If Dunham is the voice of a generation, she's preaching that generation's unabashed embracing of random steps. Nowhere to grow but up, but getting there in non-linear ways.
To that regard, the series' three other leading females are all at their own various stages of unproductive, barely forward progress. Marnie (Allison Williams, Peter Pan herself) continues to be a walking cringe-inducer, the human manifestation of mortification. She's performing songs at something called "jazz brunch," having an affair with her music partner, and saying things like, "If you guys are lucky, maybe I'll scat for you. Do a little rap."
Shoshanna (Zosia Mamet) is finally graduating from NYU, but she's not walking at the ceremony and she has no job lined up and no boyfriend. And Jessa is about to have her livelihood and most meaningful relationship, caring for an elderly woman, taken from her when the woman's daughter (Natasha Lyonne) returns and insists on removing her mother from Jessa's incapable hands.

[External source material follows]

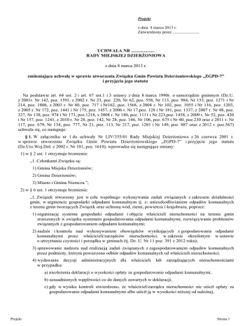 Projekt z dnia 4 marca 2013 r. Zatwierdzony przez ......................... UCHWAŁA NR .................... RADY MIEJSKIEJ DZIERŻONIOWA z dnia 8 marca 2013 r. zmiieniająca uchwałę w sprawie utworzenia Związku Gmin Powiatu Dzierżoniowskiego „ZGPD-7” i przyjęcia jego statutu Na podstawie art. 64 ust. 2 i art. 67 ust.1 i 3 ustawy z dnia 8 marca 1990r. o samorządzie gminnym (Dz.U. z 2001r. Nr 142, poz. 1591, z 2002 r. Nr 23, poz. 220, Nr 62, poz. 558, Nr 113, poz. 984, Nr 153, poz. 1271 i Nr 214, poz. 1806, z 2003 r. Nr 80, poz. 717 i Nr162, poz. 1568, z 2004 r. Nr 102, poz. 1055 i Nr 116, poz. 1203, z 2005 r. Nr 172, poz. 1441 i Nr 175, poz. 1457, z 2006 r. Nr 17,poz. 128 i Nr 181, poz. 1337, z 2007 r. Nr 48, poz. 327, Nr 138, poz. 974 i Nr 173, poz.1218, z 2008 r. Nr 180, poz. 1111 i Nr 223,poz. 1458, z 2009 r. Nr 52, poz. 420 i Nr 157, poz. 1241, z 2010 r. Nr 28, poz. 142, Nr 28, poz. 146, Nr 106, poz. 675 i Nr 40, poz.230 oraz z 2011 r. Nr 117, poz. 679, Nr 134, poz. 777, Nr 21, poz. 113, Nr 217, poz. 1281 i Nr 149, poz. 887 oraz z 2012 r. poz.567) uchwala się, co następuje: § 1. W załączniku nr 1 do uchwały Nr LIV/355/01 Rady Miejskiej Dzierżoniowa z 26 czerwca 2001 r. w sprawie utworzenia Związku Gmin Powiatu Dzierżoniowskiego „ZGPD-7” i przyjęcia jego statutu (Dz.Urz.Woj.Dol. z 2002 r. Nr 101, poz. 1610), wprowadza się następujące zmiany: 1) w § 2 ust. 1 otrzymuje brzmienie: „1. Członkami Związku są: 1) Gmina Miejska Dzierżoniów; 2) Gmina Dzierżoniów; 3) Miasto i Gmina Niemcza.”; 2) w § 6 ust. 1 otrzymuje brzmienie: „1. Związek stworzony jest w celu wspólnego wykonywania zadań związanych z zakresem działalności gmin, w segmencie gospodarki odpadami komunalnym tj. z: unieszkodliwianiem odpadów komunalnych z terenu gmin tworzących Związek oraz ochroną wód, ziemi, powietrza i krajobrazu, poprzez: 1) organizację systemu gospodarki odpadami i objęcie właścicieli nieruchomości na terenie gmin zrzeszonych w związku systemem gospodarowania odpadami komunalnymi, rozwiązywanie problemów związanych z gospodarowaniem odpadami komunalnymi; 2) nadzór i kontrola nad wykonywaniem obowiązków wynikających z gospodarowania odpadami komunalnymi przez właścicieli/zarządców nieruchomości, w zakresie określonym w ustawie o utrzymaniu czystości i porządku w gminach (tj. Dz. U. Nr 11 poz. 391 z 2012 roku); 3) sprawowanie nadzoru nad realizacją zadań związanych z zagospodarowaniem odpadów komunalnych przez podmioty, którym powierzono odbiór odpadów komunalnych od właścicieli nieruchomości; 4) wydawanie decyzji w przypadku: administracyjnych dla właścicieli lub zarządzających nieruchomościami a) niezłożenia deklaracji o wysokości opłaty za gospodarowanie odpadami komunalnymi, b) uzasadnionych wątpliwości co do danych zawartych w deklaracji, c) gdy w wyniku kontroli stwierdzono, że właściciel/zarządca nieruchomości nie uiścił opłaty za gospodarowanie odpadami komunalnymi albo uiścił ją w wysokości niższej od należnej, Projekt Strona 1 d) nie posiadania umów na odbiór odpadów komunalnych przez właścicieli nieruchomości, którzy nie są obowiązani do ponoszenia opłat za gospodarowanie odpadami komunalnymi na rzecz Związku; 5) tworzenie możliwości do zagospodarowywania, w ramach działań Związku, także innych niż niebezpieczne odpadów poprodukcyjnych, powstających w wyniku prowadzonej działalności gospodarczej na obszarze gmin zrzeszonych w Związku; 6) przyjmowanie kwartalnych sprawozdań sporządzonych przez podmioty prowadzące działalność w zakresie odbierania odpadów komunalnych od właścicieli nieruchomości; 7) sporządzenia rocznych komunalnymi; sprawozdań z realizacji zadań z zakresu gospodarowania odpadami 8) wprowadzenie systemu selektywnego zbierania odpadów komunalnych, tworzenie punktów selektywnego zbierania odpadów komunalnych i ich zagospodarowanie oraz nadzór nad selektywną zbiórką odpadów; 9) prowadzenie rejestru działalności regulowanej w zakresie odbierania odpadów komunalnych od właścicieli nieruchomości, zgodnie z ustawą o utrzymaniu czystości i porządku w gminach (tj. Dz. U. Nr 11 poz. 391 z 2012 roku); 10) zapewnieniem osiągnięcia odpowiednich poziomów recyklingu, przygotowania do ponownego użycia i odzysku innymi metodami oraz ograniczenia masy odpadów komunalnych ulegających biodegradacji przekazywanych do składowania oraz nadzór nad tą działalnością; 11) przygotowanie i prowadzenie strony internetowej, na której udostępniane będą informacje o: a) podmiotach odbierających odpady komunalne poszczególnych gmin zrzeszonych w związku, od właścicieli nieruchomości z terenu b) miejscach zagospodarowania zmieszanych odpadów komunalnych, odpadów zielonych oraz pozostałości z sortowania odpadów komunalnych przeznaczonych do składowania, c) osiągniętych poziomach recyklingu, przygotowaniu do ponownego użycia i odzysku innymi metodami oraz o ograniczeniach masy odpadów komunalnych ulegających biodegradacji, przekazywanych do składowania, d) adresach i godzinach działalności punktów selektywnego zbierania odpadów komunalnych oraz punktów zbierających zużyty sprzęt elektryczny i elektroniczny, pochodzący z gospodarstw domowych; 12) przygotowywanie i przedstawianie gminom zrzeszonym w związku corocznej analizy stanu gospodarki odpadami komunalnymi, w celu weryfikacji możliwości technicznych i organizacyjnych związku w zakresie gospodarowania odpadami komunalnymi, w tym: a) możliwości przetwarzania zmieszanych odpadów komunalnych, odpadów zielonych oraz pozostałości z sortowania odpadów komunalnych przeznaczonych do składowania, b) potrzeb inwestycyjnych związanych z gospodarowaniem odpadami komunalnymi, c) kosztów poniesionych w związku z odbieraniem, odzyskiem, recyklingiem i unieszkodliwianiem odpadów komunalnych, d) liczby mieszkańców na terenie gmin zrzeszonych w związku, e) ilości od

For all of the talk of how Dunham manages to pen the thoughts and mood of a generation of twentysomething, she manages to pen the perfect screed echoing an older generation's feelings about everything that's wrong with hers for Lyonne to deliver—which she does brilliantly.

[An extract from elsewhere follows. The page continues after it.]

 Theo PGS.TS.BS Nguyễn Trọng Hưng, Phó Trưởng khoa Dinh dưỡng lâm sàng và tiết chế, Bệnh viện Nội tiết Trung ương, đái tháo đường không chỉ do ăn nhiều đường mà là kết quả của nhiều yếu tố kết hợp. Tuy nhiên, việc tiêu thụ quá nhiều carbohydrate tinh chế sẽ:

"Is it because you were called special too many times, and because you believed it?" she asked, trying to fathom how someone with Jessa's potential could be such a screw-up. "Cuz when my generation, and every generation before me, were called special we were smart enough to know it meant we were stupid. So it made us work that much harder to make sure we weren't stupid."
There's extra bite to that monologue when you see Hannah's parents foolishly toasting her trip to Iowa and helping move her there when they probably know full well that she'll find a way to bungle that opportunity, as she is wont to do.
Or when you see Marnie's mom (Rita Wilson) giddy with excitement over her daughter's pathetic jazz brunch gig, which is likely doing zilch for her career—whatever that career may be. Or when you see Shoshanna's parents (Anthony Edwards and Ana Gasteyer) snapping photos of their daughter as she merely fills out the address where her diploma should be sent, because that's all the pomp and circumstance they're going to get out of their $200,000 investment in their daughter's NYU education.
There's also extra heart to that monologue when you think of all those scenes. Or when you think that, yes, Hannah might be taking a series of random steps and that might be infuriating to a generation that's programmed into taking only logical and fruitful ones, but it's heartening and special that she—and Marnie and Shoshanna and even Jessa—are supported by their parents and allowed to be grow at their own rate, and in their own direction.
"What are you thinking about?" Hannah asks Adam at one point in the premiere. "I'm just listening," he says, but not before she can cut him off: "The maze of our future? That's what I'm thinking about."
There's nowhere to grow but up, and the girls of Girls are steadfastly lost in the maze that leads to that final destination: growth, womanhood, happiness. But it's a marvel that, four seasons in, Dunham and her co-creative masterminds Judd Apatow and Jenni Konner have managed to keep us engrossed as they try to find their way out of the labyrinth.
Girls may not be as cool or as fun as it used to be. But it's as good, if not better, than it's ever been. Who said growing had to be cool?